> **Work required**: Copy the lines below as they are; omit the images they contain.
(Data provided begins)
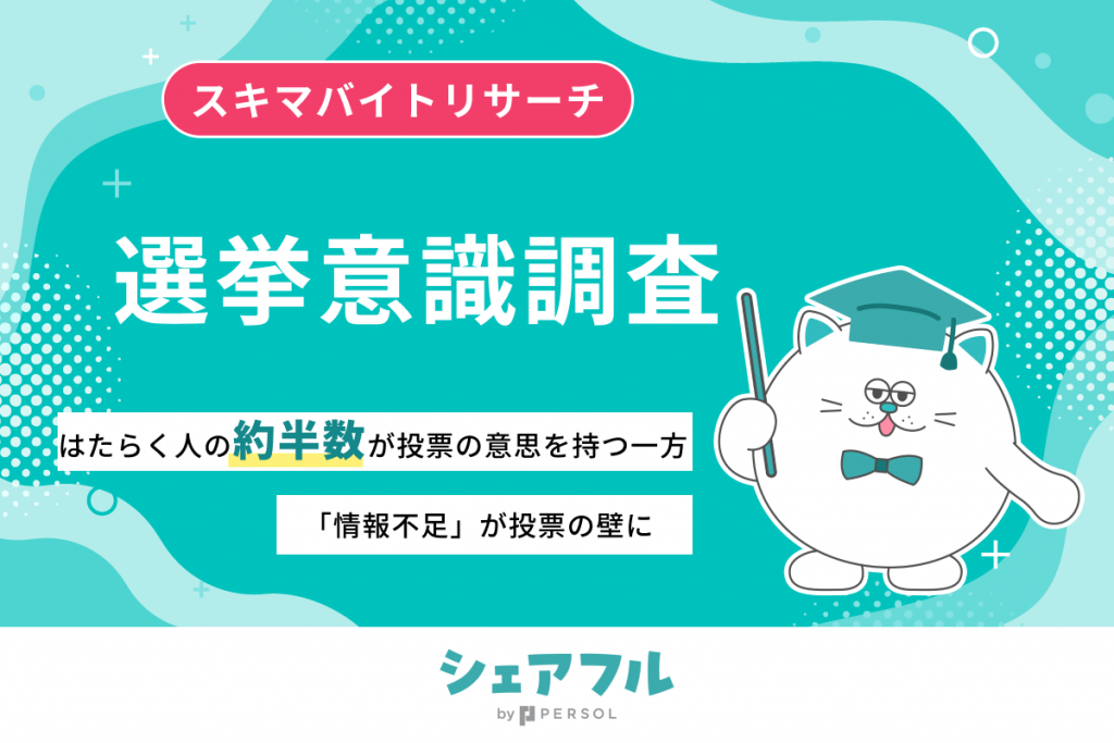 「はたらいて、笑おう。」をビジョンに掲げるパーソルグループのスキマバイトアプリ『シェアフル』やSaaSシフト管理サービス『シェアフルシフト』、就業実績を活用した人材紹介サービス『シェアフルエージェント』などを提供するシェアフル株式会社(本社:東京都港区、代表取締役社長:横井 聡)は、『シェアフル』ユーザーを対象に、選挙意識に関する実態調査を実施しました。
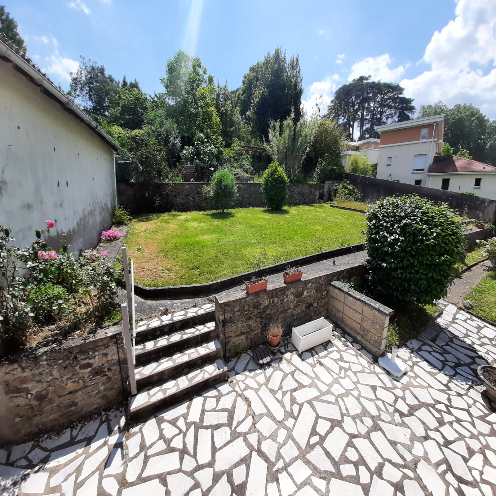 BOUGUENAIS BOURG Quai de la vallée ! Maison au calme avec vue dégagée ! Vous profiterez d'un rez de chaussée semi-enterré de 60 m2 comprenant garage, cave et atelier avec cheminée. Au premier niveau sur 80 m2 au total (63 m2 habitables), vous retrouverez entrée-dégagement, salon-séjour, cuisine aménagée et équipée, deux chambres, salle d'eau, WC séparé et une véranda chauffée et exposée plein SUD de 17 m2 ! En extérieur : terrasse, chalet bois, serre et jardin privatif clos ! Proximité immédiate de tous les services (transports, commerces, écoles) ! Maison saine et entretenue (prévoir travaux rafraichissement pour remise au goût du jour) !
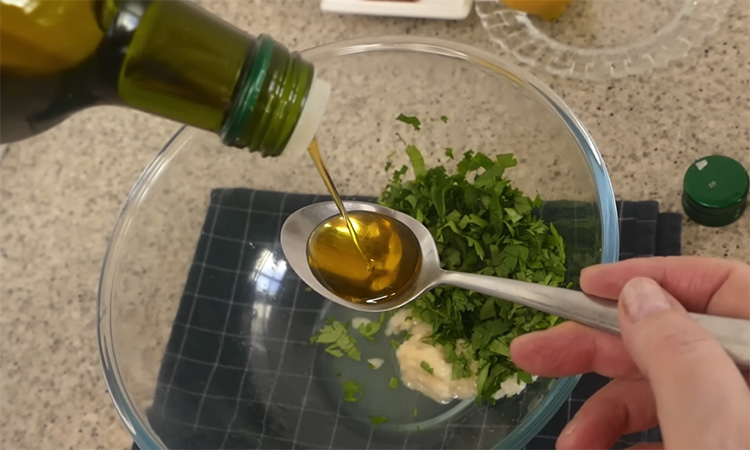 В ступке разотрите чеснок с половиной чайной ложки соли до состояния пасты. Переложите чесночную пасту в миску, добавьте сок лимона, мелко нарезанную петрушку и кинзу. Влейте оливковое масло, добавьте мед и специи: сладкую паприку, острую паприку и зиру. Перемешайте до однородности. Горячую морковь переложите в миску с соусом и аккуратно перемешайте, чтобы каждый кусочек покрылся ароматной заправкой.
(Data provided ends)
> **Response area**:
 「はたらいて、笑おう。」をビジョンに掲げるパーソルグループのスキマバイトアプリ『シェアフル』やSaaSシフト管理サービス『シェアフルシフト』、就業実績を活用した人材紹介サービス『シェアフルエージェント』などを提供するシェアフル株式会社(本社:東京都港区、代表取締役社長:横井 聡)は、『シェアフル』ユーザーを対象に、選挙意識に関する実態調査を実施しました。
 BOUGUENAIS BOURG Quai de la vallée ! Maison au calme avec vue dégagée ! Vous profiterez d'un rez de chaussée semi-enterré de 60 m2 comprenant garage, cave et atelier avec cheminée. Au premier niveau sur 80 m2 au total (63 m2 habitables), vous retrouverez entrée-dégagement, salon-séjour, cuisine aménagée et équipée, deux chambres, salle d'eau, WC séparé et une véranda chauffée et exposée plein SUD de 17 m2 ! En extérieur : terrasse, chalet bois, serre et jardin privatif clos ! Proximité immédiate de tous les services (transports, commerces, écoles) ! Maison saine et entretenue (prévoir travaux rafraichissement pour remise au goût du jour) !
 В ступке разотрите чеснок с половиной чайной ложки соли до состояния пасты. Переложите чесночную пасту в миску, добавьте сок лимона, мелко нарезанную петрушку и кинзу. Влейте оливковое масло, добавьте мед и специи: сладкую паприку, острую паприку и зиру. Перемешайте до однородности. Горячую морковь переложите в миску с соусом и аккуратно перемешайте, чтобы каждый кусочек покрылся ароматной заправкой.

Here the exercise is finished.